Five days ago, I wrote about a creationist letter that was published in Nature. At that time, there was a discussion going on in email with the gang at the Panda's Thumb, and someone said we ought to get a pool going on how long it would take before the Intelligent Design creationists would use this to argue that their case was being seriously discussed in the pages of a major scientific journal. Four months was suggested; I said one week.
I should have put some money down on that.
It turns out one of the PhD alumni in biology from Moran's school (University of Toronto), a respected scientist and pro-ID creationist recently had his letter published in the prestigious scientific journal Nature. This is news in itself that creationists and ID proponents are getting airtime now in scientific journals…

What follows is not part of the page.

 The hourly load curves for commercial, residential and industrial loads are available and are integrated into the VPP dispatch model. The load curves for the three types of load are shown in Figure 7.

That was the unctuous clown, Sal Cordova, of course. It was four days before they were trumpeting this crank letter as a triumph for Intelligent Design creationism.
15 Comments
chemical odie · 21 November 2006
That "respected scientist" Sal is talking about co-authored (according to google scholar) 3 scientific papers in his whole life. Respect!
DonS · 21 November 2006
You probably gave them the heads up about the letter on your blog since they obviously don't read the literature.

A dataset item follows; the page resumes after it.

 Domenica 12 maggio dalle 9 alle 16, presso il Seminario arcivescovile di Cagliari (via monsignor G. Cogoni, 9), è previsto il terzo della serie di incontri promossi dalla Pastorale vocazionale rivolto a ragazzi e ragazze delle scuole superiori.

Glen Davidson · 21 November 2006
William E Emba · 21 November 2006
PvM · 21 November 2006
How appropriate, Sal to the rescue once again. I guess since ID has so little scientific relevance, all one can do is inflate the relevance of young earth creationists getting a letter 'published' in Nature. Even if the letter itself exposes more scientific ignorance and vacuity.
Lou FCD · 21 November 2006
I'll bet the conversation in the copy room just before publication went something like this...

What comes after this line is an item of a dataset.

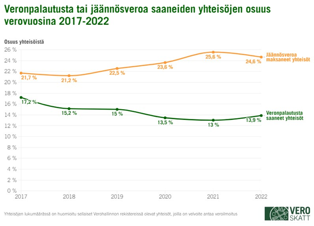 Vuonna 2022 veronpalautusta saaneiden yhteisöjen osuus aktiivisista yhteisöistä oli 13,9 prosenttia. Jäännösveroa maksaneiden yhteisöjen osuus oli puolestaan 24,6 prosenttia. Yhteisö ei saa veronpalautusta tai jäännösveroa esimerkiksi silloin, jos sillä ei ole ollut toimintaa verovuonna tai jos yhteisön verovuodelta maksamat ennakkoverot ovat vastanneet verovuodelta maksuunpantujen verojen määrää. Veronpalautusta tai jäännösveroa ei palauteta tai määrätä myöskään silloin, jos sen määrä jää alle kymmenen euron.

"Hey, Bob! Wanna see somethin' funny?
Watch this...."
Next week's issue -
"Just kiddin'."
:)
NDT · 21 November 2006
Hey, I got a letter about European history published in National Geographic 8 years ago. Does that mean I'm a respected historian?
Peter · 21 November 2006
Wow. That's like me putting my published letter to the NYTimes last year disputing YEC claims about the Grand Canyon in my curriculam vitae under "Publications." How absured. Please.
David B. Benson · 21 November 2006
Peter --- A near-by English professor did just that with a letter-to-the-editor. He argued thaqt it manifestly was a publication and to be completely honest, he was forced to list it...
Steviepinhead · 21 November 2006
Then there's the letter to Marvel Comic's The Mighty Thor that got published when I was twelve.
Which won me a deeply-treasured No-Prize (now if I just had a "bell" to go with it, eh?).
In any event, I'm glad to learn that I'm now not only a "published" art critic, but arguably a Norse Theologician as well.
Bill Gascoyne · 21 November 2006
re: taking credit for being a prophet
Back after the first Gulf war, there was an interview on (I believe) "60 Minutes" with Gen. Norman Schwarztkopf (sp?). He was asked what he found most amazing about Sadam Hussein, to which he replied, "His predictability."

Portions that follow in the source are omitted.